- [THE TASK]: All lines from the one holding "This Action Enhancement" through the last line of the entries below must be transcribed exactly, and no others. Pictures do not go in.

- [EXTRACTED ENTRIES]:
========================================
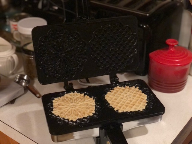 *The pizzelle iron my neighbor loaned me is a CucinaPro non-stick pizzelle maker, and it works well. But for my own, after doing a lot of research, I have ordered a pizzelle iron from C. Palmer Mfg. Co. Inc., a family owned and run company founded by an Italian immigrant (Carmen Palmieri) in the 1940’s. I get excited about things like this. I will give an update as to how the machine works… stay tuned.
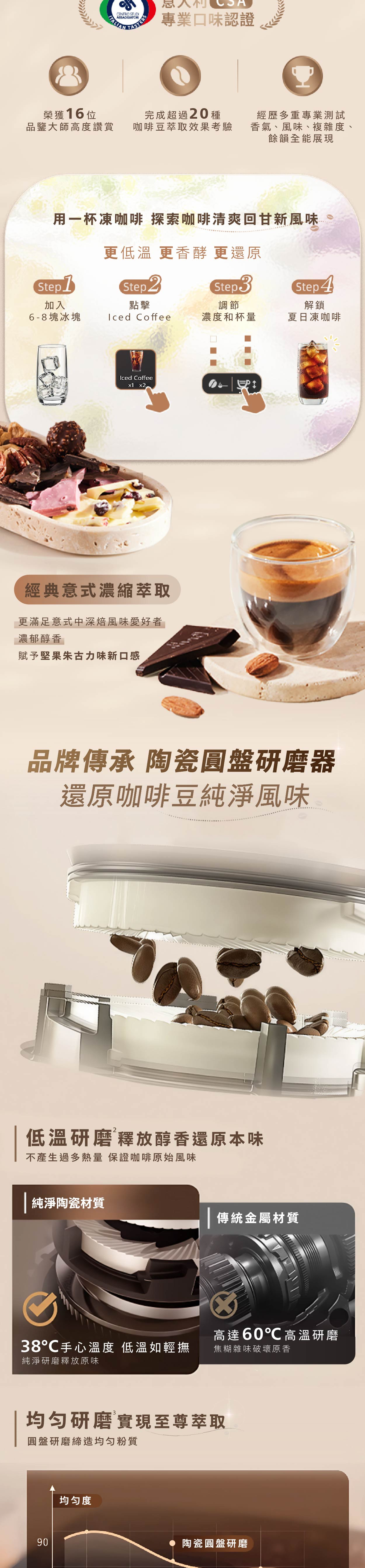 一鍵暢享多款咖啡風味,包括意式濃縮咖啡、鮮奶咖啡和泡沬咖啡等熱飲到各款凍咖啡
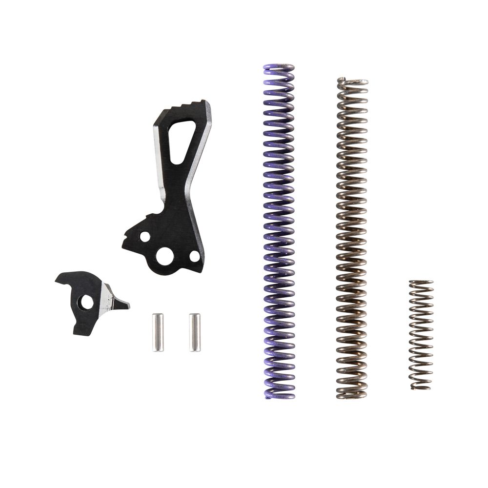 This Action Enhancement Kit for the CZ Shadow 2 reduces the double-action to single-action pull weight delta to approximately 2 lbs. The primary problem it solves is the abrupt transition between a heavy DA first shot and a lighter SA follow-up. The hammer and sear feature matched single-action engagement surfaces, eliminating the need for polishing or stoning. Use factory firing pin only — extended firing pins are not recommended.
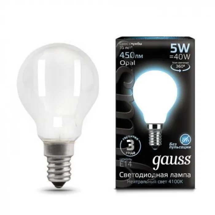 Лампа филаментная светодиодная Gauss G45 (Шар) Globe OPAL E14 5W 4100K, 105201205, Нижний Новгород
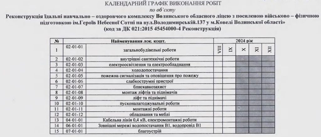 Волинський обласний ліцей з посиленою військово-фізичною підготовкою імені Героїв Небесної Сотні докинув близько 7 мільйонів гривень на реконструкцію їдальні свого навчально-оздоровчого комплексу в Ковелі. Торік у вересні навчальний заклад замовив ремонт єдиному учаснику тендеру за понад 70 мільйонів гривень. Таким чином підрядник – компанія «Волиньекобуд» – отримає і ту суму, на яку знизила очікувану ціну закупівлі на торгах.
========================================
- [RESULT FOR THIS EXERCISE]:
 This Action Enhancement Kit for the CZ Shadow 2 reduces the double-action to single-action pull weight delta to approximately 2 lbs. The primary problem it solves is the abrupt transition between a heavy DA first shot and a lighter SA follow-up. The hammer and sear feature matched single-action engagement surfaces, eliminating the need for polishing or stoning. Use factory firing pin only — extended firing pins are not recommended.
 Лампа филаментная светодиодная Gauss G45 (Шар) Globe OPAL E14 5W 4100K, 105201205, Нижний Новгород
 Волинський обласний ліцей з посиленою військово-фізичною підготовкою імені Героїв Небесної Сотні докинув близько 7 мільйонів гривень на реконструкцію їдальні свого навчально-оздоровчого комплексу в Ковелі. Торік у вересні навчальний заклад замовив ремонт єдиному учаснику тендеру за понад 70 мільйонів гривень. Таким чином підрядник – компанія «Волиньекобуд» – отримає і ту суму, на яку знизила очікувану ціну закупівлі на торгах.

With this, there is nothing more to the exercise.